This document describes the rationale behind certain implementation and design choices for how the metadata standard is developed and maintained.
What is in this document?
- Rationale for how the HCA metadata standard is designed and implemented
Who should be reading this document?
- Data contributors
- Data consumers
- Members of external projects seeking alignment with HCA metadata standards
What isn't in this document?
- The structure of the metadata standards based on the design and implementation choices
metadata document A file containing metadata according to the specification.
metadata schema A file containing the specification for metadata. Currently, this specification is in JSON format.
A detailed specification for the structure of the schema documents can be found in this document. It is concerned with the detailed format and syntax of the metadata schema and their instantiation, including schema referencing, manifestation as files, composition, modular design, and other details of the format and syntax. The design principles that this structure follows are:
Metadata fields are organized into biologically-meaningful type schemas, for example a cell suspension schema or an enrichment protocol schema. Each type schema inherits a core schema, containing the minimal fields necessary for that type, and any relevant modules that customize the schema for a particular dataset or analysis. Using this modular design, each schema has its own independent version (as described below), and any particular dataset is defined by a collection of appropriate schemas.
The basis for defining a collection of fields and objects in a particular schema can be considered along two axes:
- The fields/objects relate to each other from a scientific point of view. e.g. they describe the same assay or sample type like Drop-Seq or a brain section.
- The fields/objects have the same stability requirement. e.g. adding a new set of fields will not require any DCP software updates.
Fields which relate scientifically and have similar stability level should be grouped together in a schema.
All metadata standards, metadata schema, and metadata conformance are described in machine-readable, well-specified, web-accessible, and versioned file formats.
All metadata documents are self-describing, i.e., explicitly indicate the schema name and version which they manifest. Currently, the schema name and version is declared in the describedBy
field using a URL. This approach allows a metadata consumer to fetch the schema associated with a metadata document.

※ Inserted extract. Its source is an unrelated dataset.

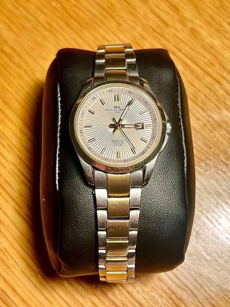 Fungerande armbandsur för dam från William Gregor med silverfärgad urtavla och safirglas. Boetten (29) och länken är tillverkad av titan och klockan är vattentät till 10 meter.

A metadata document, which contains metadata elements from one or more schemas, is flattened into a single file for storage and transmission. The contents of a metadata document are subject to conformance specifications, which indicate the schema name and version to which the metadata must conform.
Schema are a superset of JSON schema and JSON schema validation (json-schema.org) with all extensions declarative in nature (i.e. no code is required to specify a schema). Extensions to the native JSON schema validation will be needed to support validation of ontology identifiers or other specific HCA requirements.
The HCA metadata standard is developed in a transparent and open manner so that the whole HCA community can participate in the process. The following design principles serve as a foundation for the metadata standard in order to ensure it meets the needs of HCA data contributors and consumers.
The HCA foresees active development of sample handling techniques, new experimental assays, and new data processing and analysis approaches in the field of cellular resolution biology. As such, the metadata standard needs to be able to adapt accordingly, with regular updates and a process for managing and tracking schema versions. By designing with this principle in mind, data requiring updates to the metadata standard can quickly be submitted to the HCA and made available to consumers.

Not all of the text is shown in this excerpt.